Comments on the MailOnline’s (Daily Mail) coverage of a fire at a refugee camp in Lesbos on September 9th 2020 (Pleasance, 2020) demonstrate the fact that the hate speech of previous headlines (“Migrants: How Many More Can We Take?” 27th August 2015) has moved to below the line, where it has become even more virulent.
“Turning Europe into the same cess-pit they come from” reads one top-rated comment. “These are the kind of Sc++m the UK is letting in” and “These people are from countries that are essentially cesspits and they seem to want to turn the world into the same hole they crawled out of” read others. The refugees are compared to “soldier ants”, “invaders” and “money grabbers”. A month after publication, the comments were still in place. The UK government, Hacked Off report, intended to exempt newspaper comments sections from any Bill regulating the internet (2020).
Two UK newspapers not cited by the UN in its denunciation of hate speech were the traditionally liberal, sometimes seen as left-wing, Guardian, and its Sunday paper, The Observer. Although producing headlines such as the previously mentioned, and inaccurate “There’s a social pandemic poisoning Europe: hatred of Muslims” (2020) which can do little but spread fear and division among the communities it apparently aims to protect, the comment sections of both are well-moderated, and largely free of hate speech.
However, the Observer’s coverage above, and its more recent coverage of the QAnon conspiracy illustrate a larger problem: the apparent inability, or unwillingness, by mainstream media to address computer-generated propaganda.
The QAnon conspiracy, described as “the Nazi cult rebranded” had, the Observer reported, grown to “terrifying” levels in the UK and elsewhere: with membership on Facebook groups up by 120 percent; engagement rates up by 91 percent; and millions of tweets and posts using QAnon-related phrases and hashtags (Doward 2020). “Britain is the second country in the world for output of Q-related tweets” reported the website Wired, basing its piece, as did the Observer, on a report by the Institute of Strategic Dialogue (ISD) (Volpicelli 2020).

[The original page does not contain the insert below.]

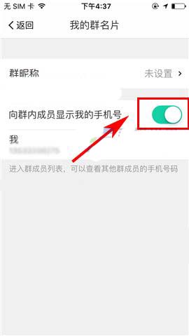 3)然后进入【我的群名片】,最后再开启【向群内成员显示我的手机号】功能就可以了!(如下图)

Tech investigators had found, two years previously, that QAnon was, from the beginning, artificially boosted by bots (Glaser, 2018). Researchers at the Middlebury Institute of International Studies at Monterey had successfully programmed the latest in artificial intelligence neural networks to reproduce QAnon propaganda (McGuffie, Newhouse 2020). The ISD’s report mentioned automatic bots once, in passing, with a reference to a report suggesting that Russian bots may have boosted the QAnon traffic on Twitter (Gallagher et al. 2020, p12); the Observer and Wired did not mention it.
Even in media which does not promote hate speech, the strategies behind, and opportunities for, artificial inflation of posts, tweets, hashtags and comments are unexamined. As yet, there has been no investigation comparable to that of the research into Naver News (Jeong et al. 2019) on the sources and manipulation of hate speech in UK online comments, or into the upvoting of such comments.